Appointment of Directors
At all times when the holders of the Series B Preferred Stock beneficially own at least 10%, 15% or 30% of our capital stock, the holders of the Series B Preferred Stock, exclusively and voting together as a separate class, will have the right to appoint a maximum of 1, 2 or 3 directors to the Board, respectively. At all times when the holders of the Series B Preferred Stock beneficially own at least 40% of our capital stock, the holders of the Series B Preferred Stock, exclusively and voting together as a separate class, will have the right to nominate and designate a fourth director, who shall be designated by the Board or the nominating committee of the Board to a class of common directors and thereafter stand for election as a common director on the Board. The holders of the Series B Preferred Stock will have the right to nominate a fourth director to the Board only if such appointment does not result in a change of control under our governing documents or violate any applicable laws, including requirements of the SEC and Nasdaq, and any such fourth director appointment shall be subject to and conditioned upon compliance by the holders of the Series B Preferred Stock with the Hart-Scott-Rodino Antitrust Improvements Act of 1976, including the submission of any required filings and the expiration or termination of any applicable waiting periods.
Preemptive Rights
The certificates of designations for the Series B Preferred Stock contain customary preemptive rights that permit the holders of Series B Preferred Stock to participate in certain of our future equity offerings.

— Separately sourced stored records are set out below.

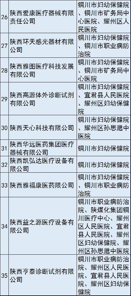 公示顯示,拿到銅川市耗材“兩票制”配送資格的共有71家醫(yī)療器械企業(yè),服務(wù)對(duì)象覆蓋該市12家公立醫(yī)療衛(wèi)生機(jī)構(gòu)。
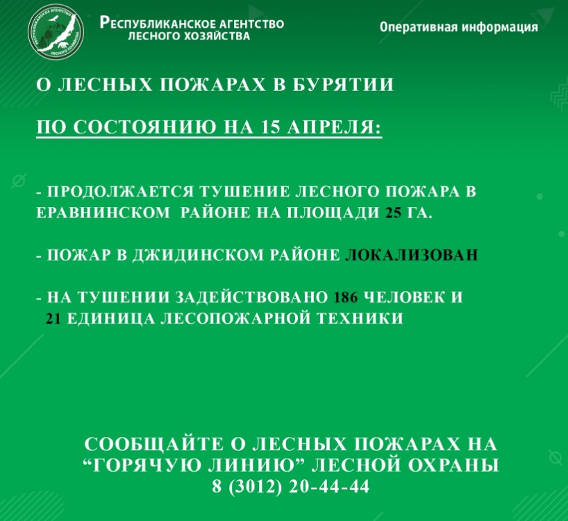 На утро 15 апреля продолжается работа по тушению лесного пожара в Еравнинском районе и дотушиванию локализованного очага в Джидинском районе на общей площади 43 га.
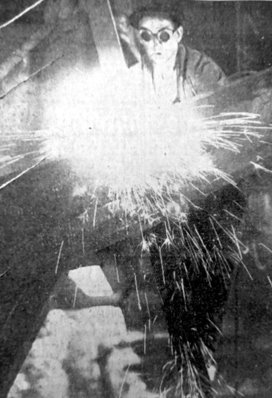 A workman on the Rainbow Bridge at Conisborough, cutting 12 inch cast iron girders with oxyacetylene cutter, which was specially made to call with this kind of metal.
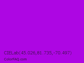 CIELab 45.026,81.735,-70.497 Color is a normal purple color and the nearest color is Vivid Mulberry #b80ce3. Hex code #ad06e3 and RGB value is rgb(173,6,227). In RGB color space, this color is composed of 68% red, 2% green, 89% blue, In CMYK color space, this color is composed of 24% cyan, 97% magenta, 0% yellow , 11% black , In HSL color space, this color has a hue angle of 285° , 95% saturation and 46% lightness.
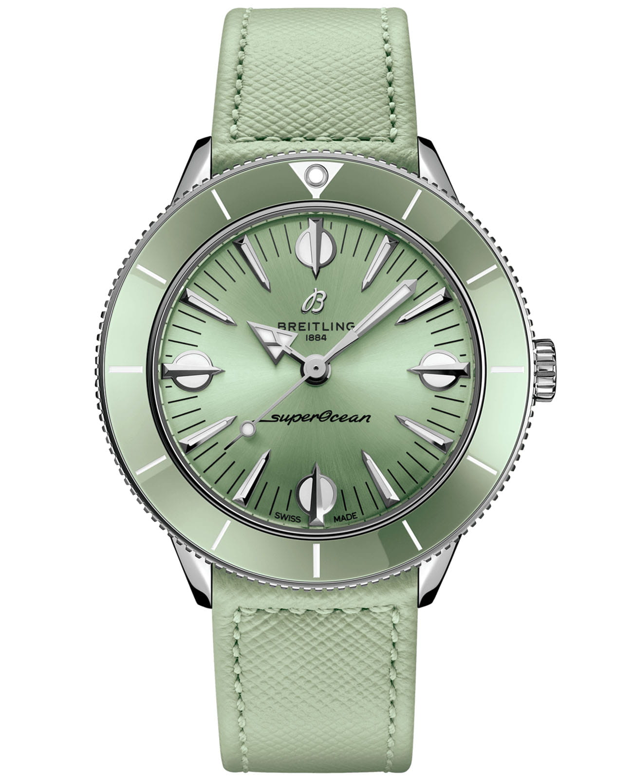 Красочная дань уважения часовой компании Breitling оригинальной модели SuperOcean и воплощение пляжного стиля. В капсульной коллекции Superocean Heritage ’57 Pastel Paradise использованы некоторые элементы дизайна первой модели SuperOcean 1957 года выпуска, такие как вогнутый керамический безель, крупные индексы и часовая стрелка в форме стрелы.
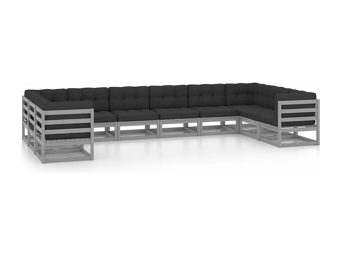 Salon de jardin 10 pcs avec coussins Gris Bois de pin massif
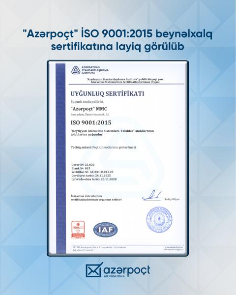 Bu sertifikat “Azərpoçt”un mükəmməlliyə doğru atdığı ardıcıl və inamlı addımının, həmçinin beynəlxalq keyfiyyət idarəetmə tələblərinə tam uyğunluğunun və müştəri məmnuniyyətinə verilən yüksək önəmin növbəti təsdiqidir.
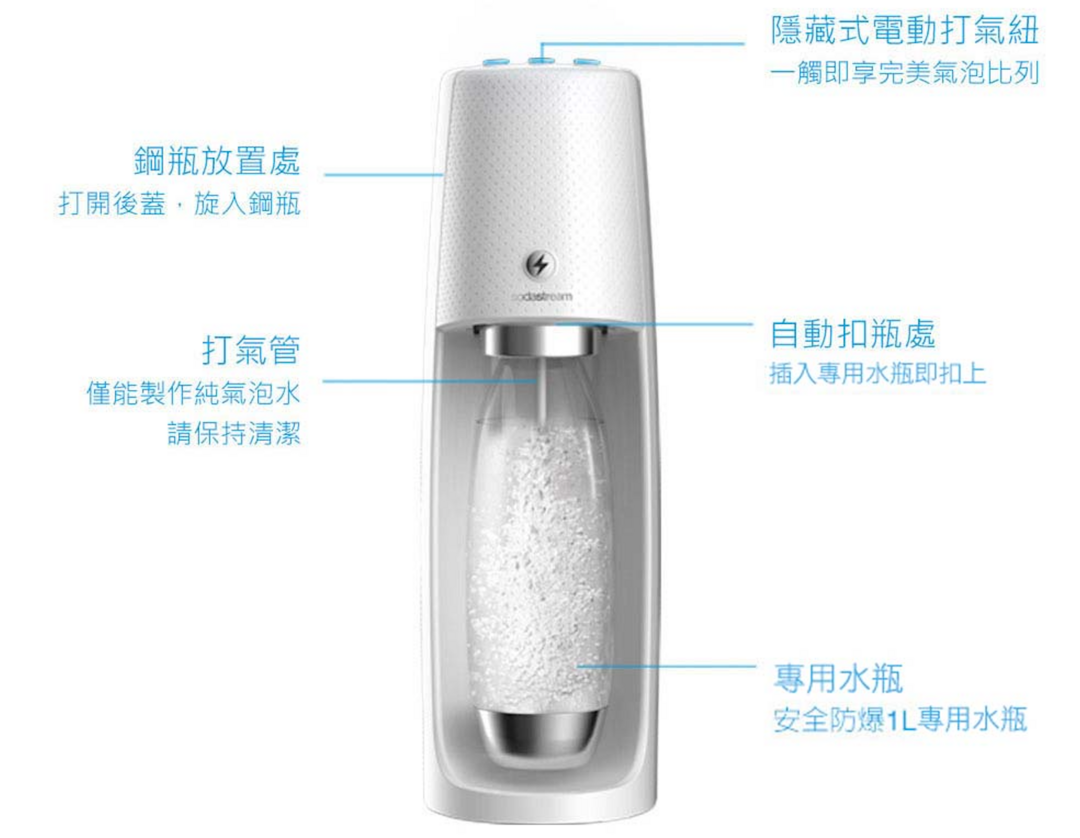 世界最大的氣泡水機品牌 Sodastream 電動式款!操作簡單只要 30 秒,一鍵即享完美氣泡比例,還能加入喜愛的糖漿與,DIY 健康安心的消暑飲品;一支鋼瓶可製作 120 杯市售氣泡水,享用一瓶氣泡水不到五塊,經濟又環保。
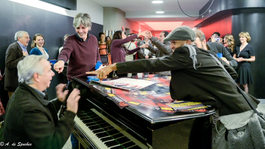Un momento scherzoso con l'Orchestra di Piazza Vittorio
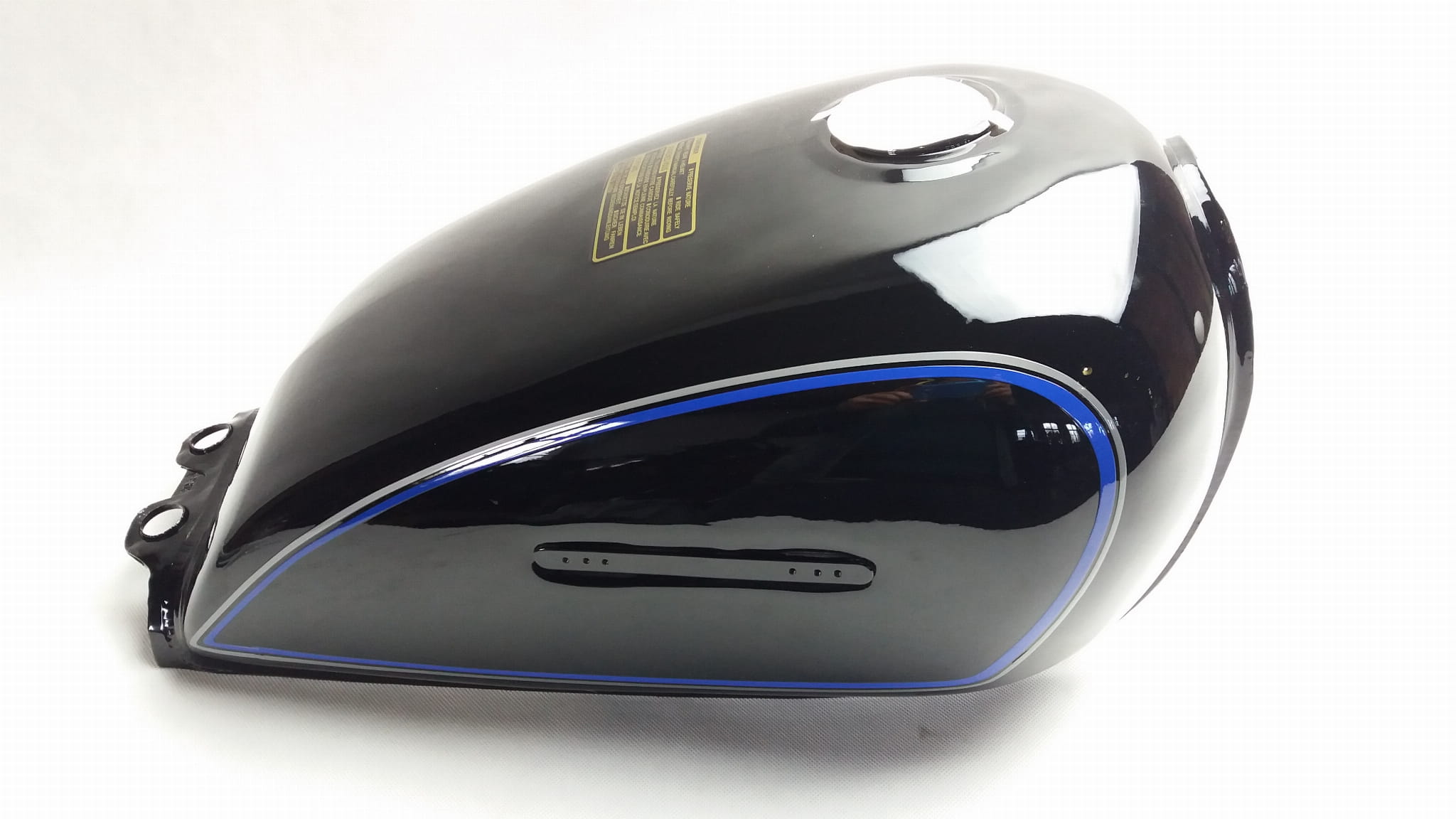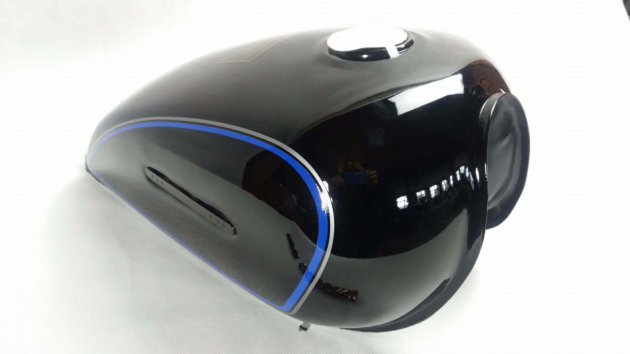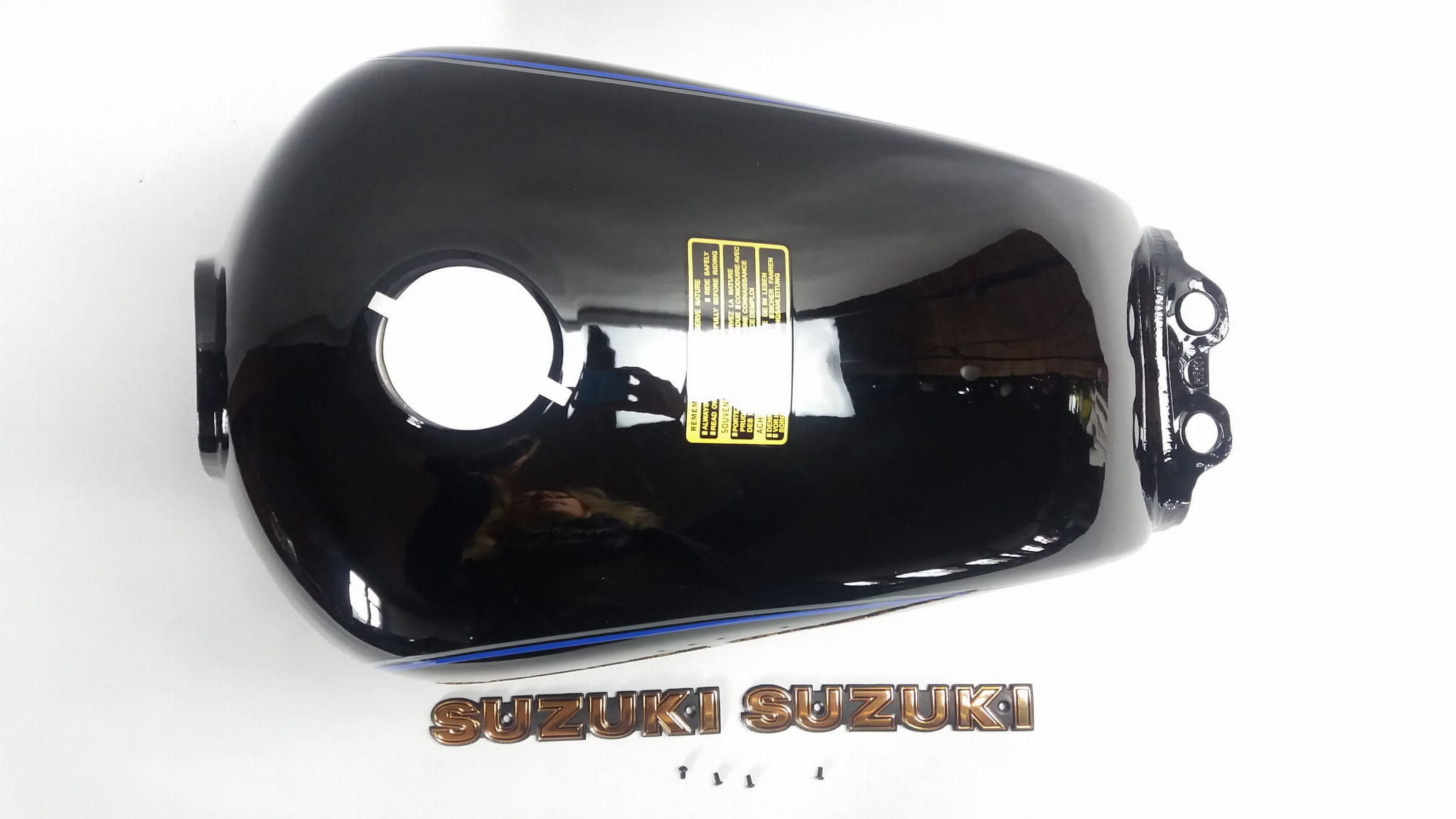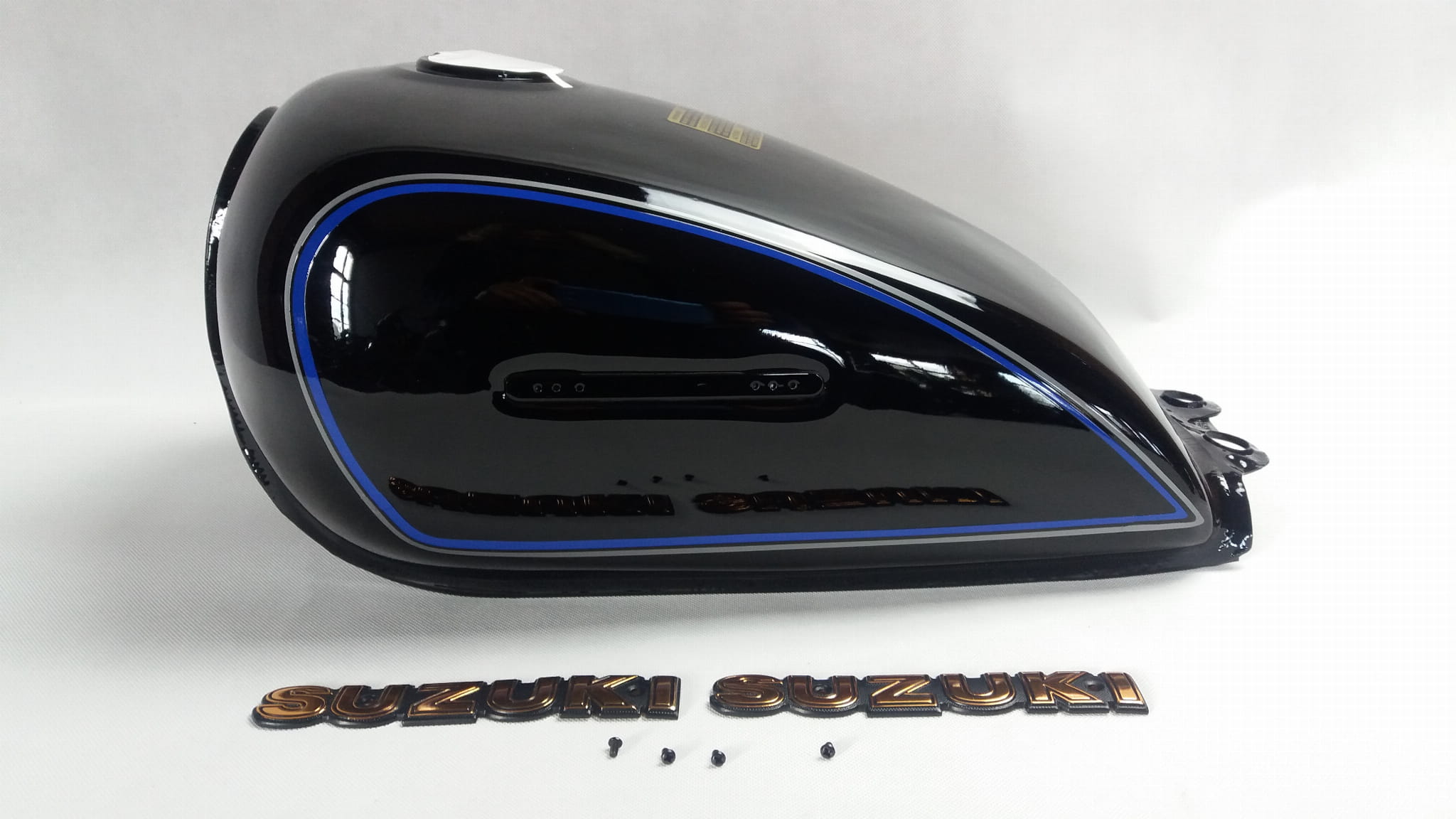 - nowy zbiornik paliwa pomalowany tak jak na zdjęciach. Kolor czarny z niebieskimi pasami.
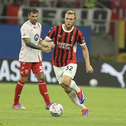 Kevin Zeroli of AC Milan play the ball during AC Milan vs AC Monza , 2° edition of "Trofeo Berlusconi", frendly match pre-season, at Giuseppe Meazza - San Siro stadium of Milano (MI), Italy, on August 13, 2024. (Photo by Davide Casentini)/ AGENZIA ALDO LIVERANI SAS

Rights to Distributions Upon Liquidation of the Company
In the event of a voluntary or involuntary liquidation, dissolution, or winding up of the Company, the holders of the Series B Preferred Stock are entitled to receive distribution of any of our assets or surplus funds pro rata with the holders of the Common Stock and any other holders of our preferred stock issued pursuant to our Securities Purchase Agreement (the “Purchase Agreement”) with CCM Denali Equity Holdings, LP and the Credit Agreement, including the Series B Preferred Stock, in an amount equal to such amount per share as would have been payable had all shares of Series B Preferred Stock been converted to Common Stock.
Protective Provisions
We are prohibited from taking certain actions that could adversely affect the rights of the Series B Preferred Stock without the affirmative vote of a majority of the outstanding shares of Series B Preferred Stock until the later of (i) such time when the holders of Series B Preferred Stock shall no longer beneficially own at least 5% of our outstanding capital stock and (ii) June 21, 2029, in the case of the Series B-1 Preferred Stock, August 29, 2029, in the case of the Series B-2 Preferred Stock, November 1, 2029, in the case of the Series B-3 Preferred Stock, or January 24, 2030, in the case of the Series B-4 Preferred Stock.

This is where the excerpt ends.